■ Data section
=-=-=-=-=

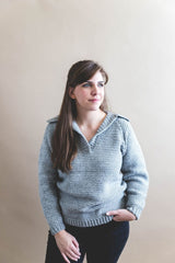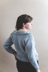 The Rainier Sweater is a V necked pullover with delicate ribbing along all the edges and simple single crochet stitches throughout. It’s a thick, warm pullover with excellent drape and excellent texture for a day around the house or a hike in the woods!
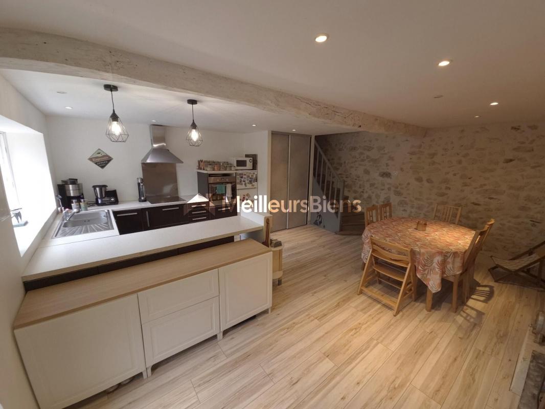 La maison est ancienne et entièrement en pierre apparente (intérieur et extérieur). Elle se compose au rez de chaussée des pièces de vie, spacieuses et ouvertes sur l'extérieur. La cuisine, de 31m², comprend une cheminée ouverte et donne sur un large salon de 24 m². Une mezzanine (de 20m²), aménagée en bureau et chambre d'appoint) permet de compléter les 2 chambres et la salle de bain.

=-=-=-=-=

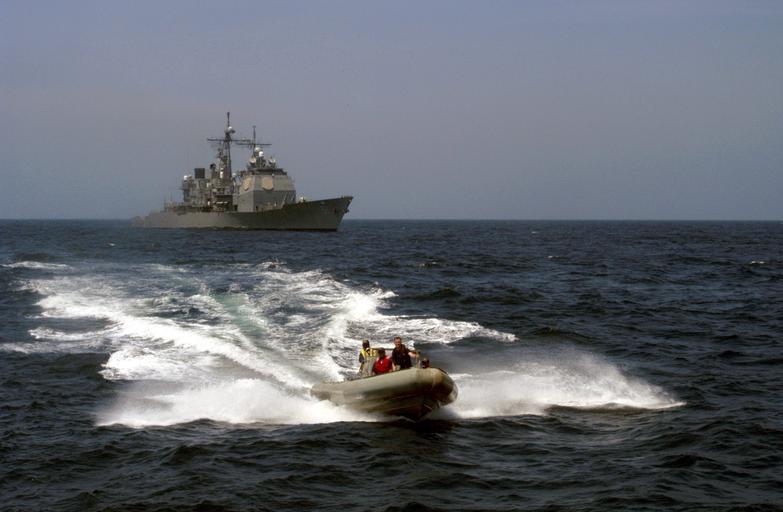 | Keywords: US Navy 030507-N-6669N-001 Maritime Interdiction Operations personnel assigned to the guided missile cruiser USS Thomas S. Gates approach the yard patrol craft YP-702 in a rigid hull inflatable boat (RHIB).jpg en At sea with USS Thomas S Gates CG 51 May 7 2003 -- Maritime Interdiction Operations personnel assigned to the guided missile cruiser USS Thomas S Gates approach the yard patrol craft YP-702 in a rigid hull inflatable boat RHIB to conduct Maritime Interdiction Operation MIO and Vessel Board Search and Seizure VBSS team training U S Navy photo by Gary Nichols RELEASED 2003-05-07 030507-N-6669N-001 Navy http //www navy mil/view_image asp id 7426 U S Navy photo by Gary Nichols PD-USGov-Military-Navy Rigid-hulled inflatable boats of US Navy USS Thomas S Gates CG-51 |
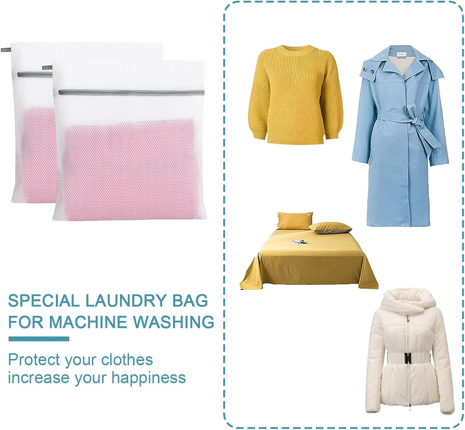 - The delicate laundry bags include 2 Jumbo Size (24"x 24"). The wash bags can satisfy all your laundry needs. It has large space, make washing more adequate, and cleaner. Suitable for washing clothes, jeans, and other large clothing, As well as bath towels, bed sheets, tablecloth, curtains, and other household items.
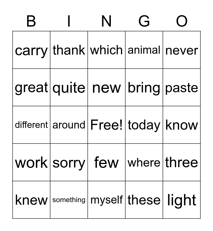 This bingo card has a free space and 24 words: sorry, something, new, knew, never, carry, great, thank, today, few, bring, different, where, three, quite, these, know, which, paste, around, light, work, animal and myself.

=-=-=-=-=

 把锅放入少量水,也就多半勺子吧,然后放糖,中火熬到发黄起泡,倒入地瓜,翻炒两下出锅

=-=-=-=-=

■ Exercise description
Nothing but the lines from the one with "The Rainier Sweater" to the one with "La maison est" above, both included, should be transcribed, exactly and without pictures.

■ Answer to this task
 The Rainier Sweater is a V necked pullover with delicate ribbing along all the edges and simple single crochet stitches throughout. It’s a thick, warm pullover with excellent drape and excellent texture for a day around the house or a hike in the woods!
 La maison est ancienne et entièrement en pierre apparente (intérieur et extérieur). Elle se compose au rez de chaussée des pièces de vie, spacieuses et ouvertes sur l'extérieur. La cuisine, de 31m², comprend une cheminée ouverte et donne sur un large salon de 24 m². Une mezzanine (de 20m²), aménagée en bureau et chambre d'appoint) permet de compléter les 2 chambres et la salle de bain.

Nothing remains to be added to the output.